Now I wasn’t an overly active kid – or adult, depending on whom you ask – but for some reason I went hog wild when I got to Halifax and realized that my beloved Habs were in town. My cousin and I ran amok in the hotel trying to figure out if the team was staying there. Any man in his 20s or 30s got stared down in an effort to figure out if he might be a Hab or even one of the hated Blackhawks. Not that the teams were rivals, I could just hate another team for showing up to play against my favourites. I was talented like that.
Then it happened, Steve Shutt made the unfortunate decision to walk through the lobby of the hotel. I think I sensed him before I even saw him. But, when I turned and saw the face that had often stared back at me from my TV and O-Pee-Chees, I took off like a shot. I was jumping over suitcases, knocking old ladies onto luggage carts and moving like Oprah on a ham. When I caught up to Steve, I glommed onto his arm and stopped his forward progress. “You’re Steve Shutt!” I yelled. He calmly replied, “I know.” Which at the time baffled me a fair bit, but now I find quite funny.
On the same trip, I tried to follow Rod Langway into the hotel bar. Granted I was tall for my age (maybe 11), but bar staffers weren’t going for it. As my mother searched for my cousin and I – who were busy doing our imitations of The Tasmania Devil on speed – she peaked into an elevator that was just starting to close. Bob Gainey was inside. He smiled at my Mom, pointed left and said, “They went that way.”
Et tu, Bob?
The morning of the game we went to Metro Centre at the time we knew the Habs were practicing. I am not sure how we found out the time. Maybe it was a terrified Steve Shutt who spilled the beans. We waited outside and got autographs from Guy Lapointe, Serge Savard (who whipped out his own pen!) and Larry Robinson. Something I didn’t realize at the time, but Larry’s brother was also there and I got his autograph. His name? Moe. I kid you not. Larry and Moe. Had I been older, the Three Stooges jokes would have been flying.

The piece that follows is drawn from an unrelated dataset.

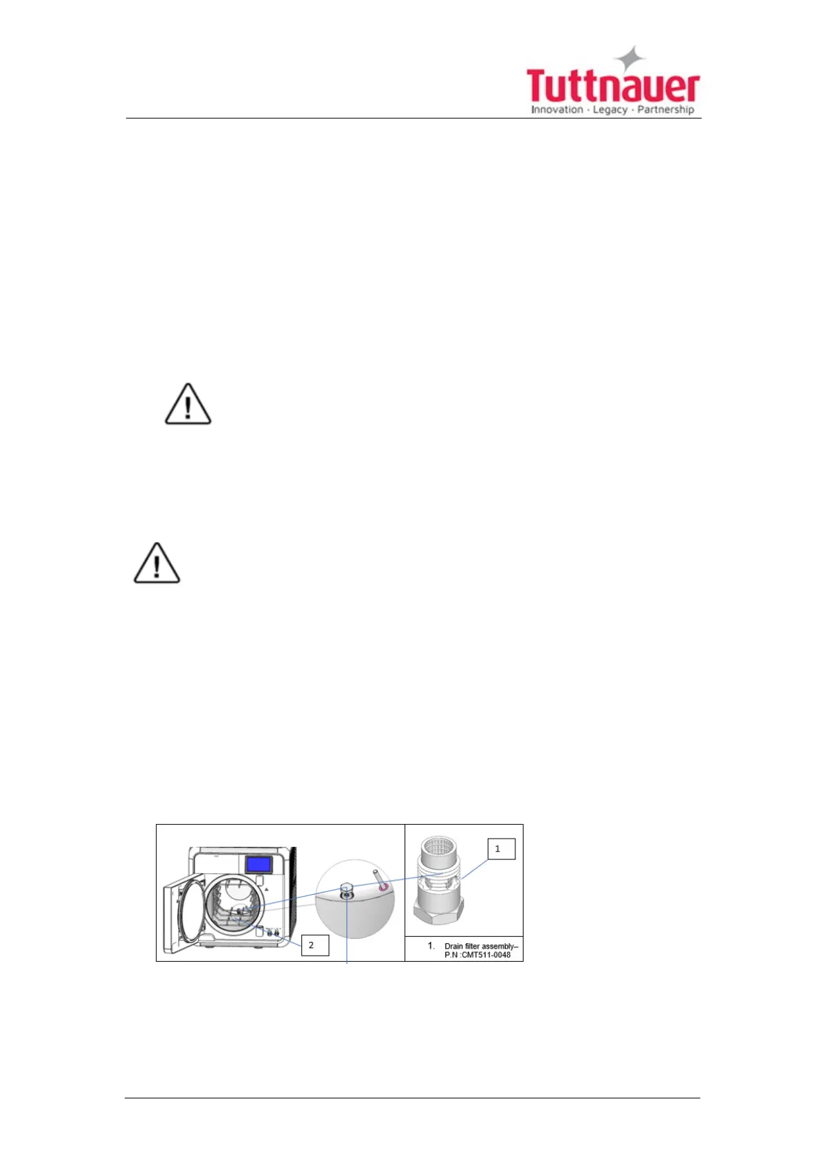 end, to reach the filter open the autoclave chamber door, remove the tray (see

Something else happened that morning. As I was standing by the player’s entrance – and unsuccessfully trying to convince a security guard that I was Guy Lapointe’s illegitimate son – goalie Denis Heron walked by and I asked him for an autograph. He kept walking in through the door, and let it slam in my face. I was shocked. Even a “No.” would have been better than that. I would have been satisfied with a “Bite me!” too. But, to just let that door slam. It was more than twenty years ago and I still get annoyed thinking about him. I booed him for years afterwards. I made a Denis Heron voodoo doll and constantly worked the groin. (Not really, but how funny would that have been?) That was my one bad memory of the trip. Had he taken two minutes, it would have been a perfect childhood memory. Screw you, Heron! Anyone know where I can get a good voodoo doll? Though at his age, Mother Nature is most likely working his prostate for me.

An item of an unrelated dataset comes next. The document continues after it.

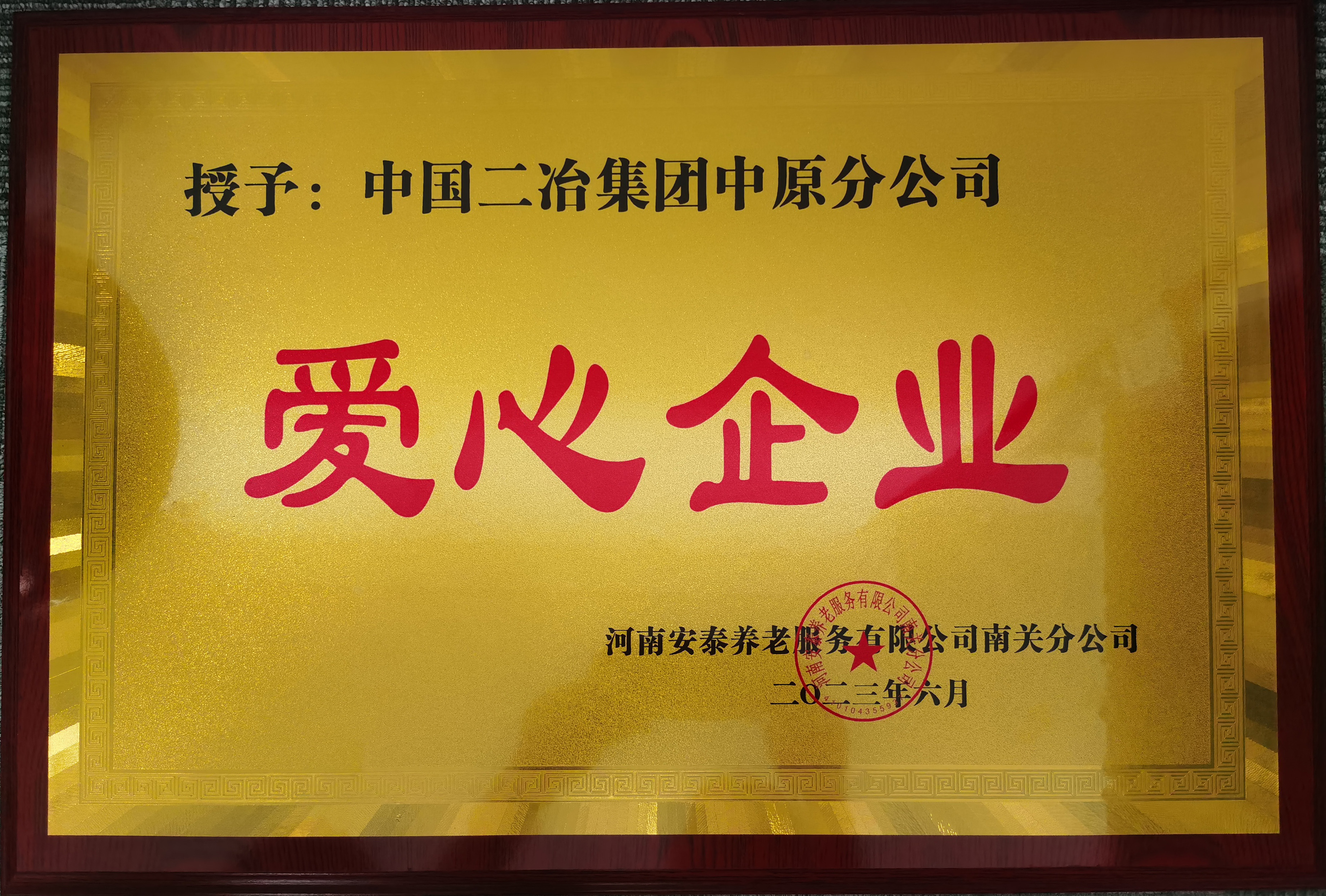 涓涓細(xì)流可匯成海,綿薄之力可筑城墻。6月27日,中國二冶集團中原分公司收到來自鄭州市青少年宮、鄭州市河南安泰養(yǎng)老服務(wù)有限公司管城分公司兩家單位頒發(fā)的“愛心企業(yè)”榮譽牌匾。

But, there was something else VERY cool that happened on that trip. I met Guy LaFleur. I loved Guy. As much as I loved the Habs, I think I loved “The Flower” more. I was an official member of the “Guy LaFleur Fan Club.” Seriously. I had a big Guy poster on my wall. I cheered loudly every time he scored a goal. And I met him on the street outside the Metro Centre. He was arriving a little later than everyone else and had a mini-entourage with him. (How do you say posse in French?) I meekly asked for an autograph. Guy stopped, smiled and took my little notepad from my shaking hand. He also signed a puck for me. (More on that in a moment.) He asked where we were from and seemed amazed that we had driven three hundred and fifty kilometres just to see them play. It was a great day for me and I still remember it as clearly as can be. Guy made this kid very happy that day.
The next day we made the trek back home. I was showing my little sister my autographs, program from the game, and my puck that Guy had signed. My sister still sucked her thumb at the time. She picked up the puck, looked at it for a moment, and then proceeded to wipe Guy’s autograph off with her saliva covered thumb as I watched in horror. That was about as angry as I’ve ever been.
I really loved hockey back then. My sister? Not so much. But, I’ve forgiven my sister. Mostly. Can hockey win me back?